18:36 karolherbst: "echo '0x300ccfc4f0b19c00' | perl -ane 'foreach (@F) { print pack "I", hex($_) }' > tt; nvdisasm -b SM20 tt" gives me "nvdisasm error : Unrecognized operation at address 0x00000000"
18:37 imirkin_: right, that won't work
18:37 imirkin_: read the instructions i gave
18:37 imirkin_: they're not THAT long :p
18:37 karolherbst: ohh 32bit values
18:37 imirkin_: if you want it to take 64-bit values, change the thing in the pack
18:37 imirkin_: i dunno what the 64bit int thing is offhand
18:38 karolherbst: "@P3 VMAD.S8.U8.PO.SHR_7.SAT R51.CC, R0.B1, R12, R24;" ...
18:38 karolherbst: very easy to udnerstand :D
18:38 imirkin_: "this is the wrong order"
18:38 karolherbst: ohh
18:38 imirkin_: this is why you should just use -w
18:39 karolherbst: now it makes more sense :D
18:39 imirkin_: the V* ops are pretty epic though
18:39 imirkin_: i don't think i was even aware of the SHR_* options on them
18:39 karolherbst: simd stuff?
18:39 imirkin_: yea
18:40 karolherbst: can we actually use them for shaders?

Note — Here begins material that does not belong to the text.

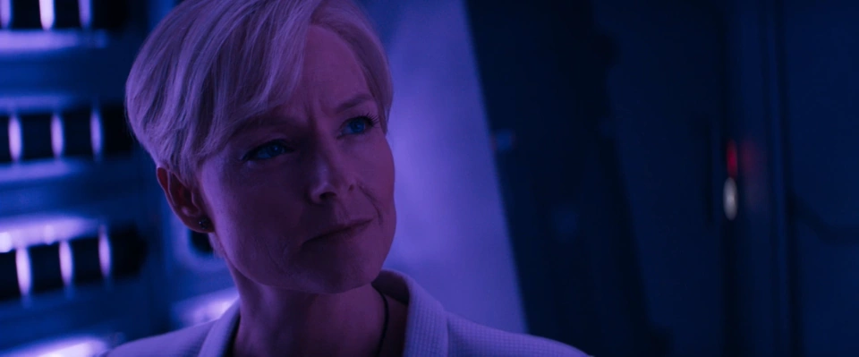 Jessica's first appearance in the film (which is set in 2154) had her being informed that three unauthorized shuttles from Earth were approaching Elysium. Overriding Executive Order 355—which prohibited her and her subordinates at Elysium's Department of Defense from using their sleeper agents on Earth—she authorized Agent C.M. Kruger (the film's secondary and eventual final antagonist) to kill everyone aboard the aforementioned shuttles, establishing her manipulative and unfeeling demeanor. While he managed to succeed in shooting down two of the three shuttles, killing 46 people, the last missile missed its target, allowing for the remaining shuttle to land on the space station. The villainess ordered for all of them to be apprehended and deported back to Earth, after which she was summoned to be reviewed by President Patel and his cabinet.

18:41 karolherbst: any reason why that won't work? echo 'mad ftz f32 $r8 $r9 $r15 $r8' | envyas -w -m gf100 -V gk104
18:44 imirkin_: no such op
18:44 imirkin_: (a) fma, not mad, (b) you're missing rounding mode
18:45 karolherbst: okay, but even with rn it won't work and I though mad != fma
18:45 karolherbst: *thought
18:45 imirkin_: in nv50 ir, they're different
18:45 karolherbst: ahhh I see
18:45 imirkin_: but when emitted, they're the same op
18:45 imirkin_: it's just a bookkeeping measure
18:45 karolherbst: okay, I understand
18:45 karolherbst: so on hw there is only one op for both
18:46 karolherbst: and we have fma just for not splitting it up
18:46 karolherbst: okay
18:46 imirkin_: of course we could run into the idiotic situation that we have both fma and mad computing the same result and don't realize they're the same, but ... meh.
18:46 karolherbst: now there is the thing, nv50ir can emit the limm mode, but envyas can't assemble it :)
18:47 imirkin_: all this would require properly caring about the 'precise' qualifier
18:47 imirkin_: and i'm too old for that shit :)
18:49 tobijk: imirkin_: so you'll do it anyway? (as the inspiration for your last sentence always does) :D
18:50 imirkin_: unlikely
18:57 karolherbst: imirkin_: is that -b SM20 for gf100 and gk104?
18:57 imirkin_: it's for SM20 - shader model 2.0
18:57 imirkin_: which is fermi
18:57 imirkin_: kepler1 is SM30
18:57 imirkin_: kepler2 is SM35
18:57 imirkin_: maxwell is SM50
18:57 imirkin_: pascal is SM60
18:58 karolherbst: do you have a handy command for pushing the emited binary from NV50_PROG_DEBUG into nvdisasm?
18:59 imirkin_: copy + paste
18:59 karolherbst: ohh wait right, I though "IPA" is something odd
18:59 imirkin_: you just run the command i gave you
18:59 karolherbst: ...
18:59 imirkin_: and paste it in
18:59 imirkin_: and then hit ^D
18:59 imirkin_: and you're done
18:59 imirkin_: A = shader inputs. IPA = InterPolate A. i think.
19:00 imirkin_: (actually A is also shader outputs)
19:00 imirkin_: so you have stuff like ALD/AST in pre-frag shaders
19:00 karolherbst: can I somehow tell nvdisasm to not print those offsets?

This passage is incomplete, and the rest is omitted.